Unnamed: 0,Songs,Preference_Avision,Song,Preference
0,4 Minutes,30,,
1,American Life,47,,
2,American Pie,65,,
3,Angel,66,,
4,Another Suitcase in Another Hall,1,Another Suitcase in Another Hall,17.0


In [170]:
# 7. create a final preference column
data_preference['SongPreference'] = np.where(data_preference.Preference.isnull(),
                                             data_preference['Preference_Avision'],
                                             data_preference['Preference'])

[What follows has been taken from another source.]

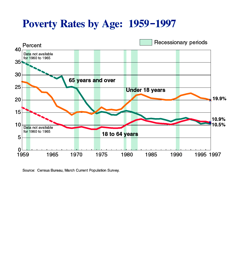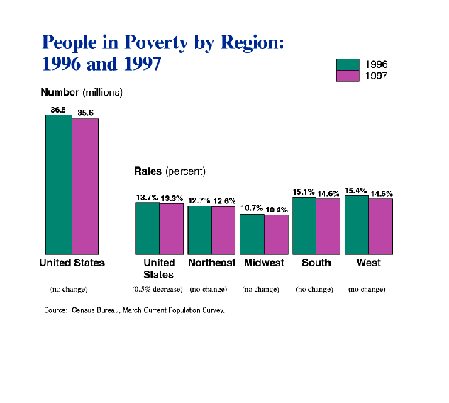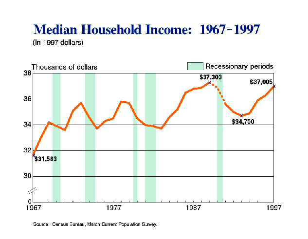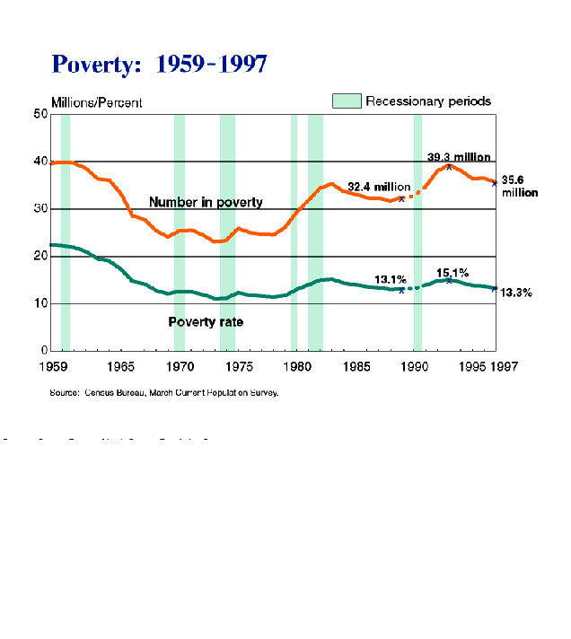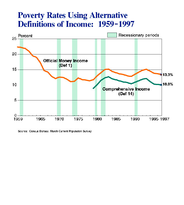 In the same period, three states had a drop in their poverty rate while two showed an increase. The Census Bureau also produces a series of experimental estimates of income, in an attempt to gauge the effect on income and poverty of noncash benefits and taxes, which are not considered in the official measures. Seventeen experimental definitions of income are computed, and tables based on those results are presented in the reports. The Bureau's research in this area has shown that the distribution of income is more equal under a broadened definition that takes into account the effects of taxes and noncash benefits than under the official cash income definition. Government benefits play a much more equalizing role on income than do taxes. Valuing noncash benefits and subtracting taxes also affects the estimated poverty rate. Under the broadened definition of income, the estimated poverty rate was 10.0 percent or 26.9 million people, compared to 13.3 percent and 35.6 million people under the official income definition. Regardless of the method chosen to measure income, as you can see in this chart, the pattern of change in poverty over time is similar. Census Bureau and the Bureau of Labor Statistics researchers are examining the recommendations of a recent National Academy of Sciences panel for changing the official poverty definition. We expect to release a special report on the effects of these recommendations on poverty measures this Spring. You can follow our progress on a special "Poverty Measurement" web site: [http://www.census.gov/hhes/www/povmeas.html]. In the past, we have usually released information on health insurance coverage at this press conference as well. That information is available in a press release to be sent this afternoon under embargo until next Tuesday. Let me call to your attention that this is the fiftieth anniversary of income data from the Current Population Survey. The Census Bureau will release a special report at a press conference next Tuesday to mark the occasion. We have invited a panel of four distinguished economic experts to comment on the usefulness of these data for understanding our economy and society. The panelists are Katharine Abraham, Commissioner of the Bureau of Labor Statistics; Alan Blinder, Professor of Economics at Princeton University; Marvin Kosters, Resident Scholar at the American Enterprise Institute; and Charles Schultze, Senior Fellow Emeritus at the Brookings Institution. Let me again summarize the main findings. For the third consecutive year, households in the United States experienced an annual increase in their real median income. Between 1996 and 1997, median household income adjusted for inflation increased 1.9 percent, to $37,005. In addition, the poverty rate fell from 13.7 percent in 1996 to 13.3 percent in 1997. Despite this increase in income, however, the number of poor remained statistically unchanged -- the number of poor in 1997 was 35.6 million people. Finally, there was no change in income inequality from 1996 to 1997. I'll be glad to answer questions from the press at this time. Please identify yourself and your affiliation. 1. The difference rounds to 0.5 even though the difference in the rounded percentages for the two years is only 0.4. 2. The differences among the 1996-1997 percent changes in median household income for the race and Hispanic origin groups were not statistically significant. 3. The difference between the percent increases in the earnings of men and women was not statistically significant. ---------Contact the Housing and Household Economic Statistics Division at 301-457-3242 or mail to hhes-info@census.gov for further information.--------- Go to Income 1997 Go to Income Statistics Last Revised: Monday, 17-May-99 10:59:54 |

data_preference = data_preference.loc[:, ['Songs', 'SongPreference']]
data_preference = data_preference.rename(columns = {'Songs': 'Song'})
data_preference.head(58)

Unnamed: 0,Song,SongPreference
0,4 Minutes,30.0
1,American Life,47.0
2,American Pie,65.0
3,Angel,66.0
4,Another Suitcase in Another Hall,17.0
5,Bad Girl,64.0
6,Beautiful Stranger,29.0
7,Bedtime Story,23.0
8,Bitch I'm Madonna,73.0
9,Borderline,5.0


## Data Export
Now that we have the dataframe in a suitable format and reflective of the author's preferences, can export it as a .csv file for use in Java when we will apply assorted sorting algorithms on it.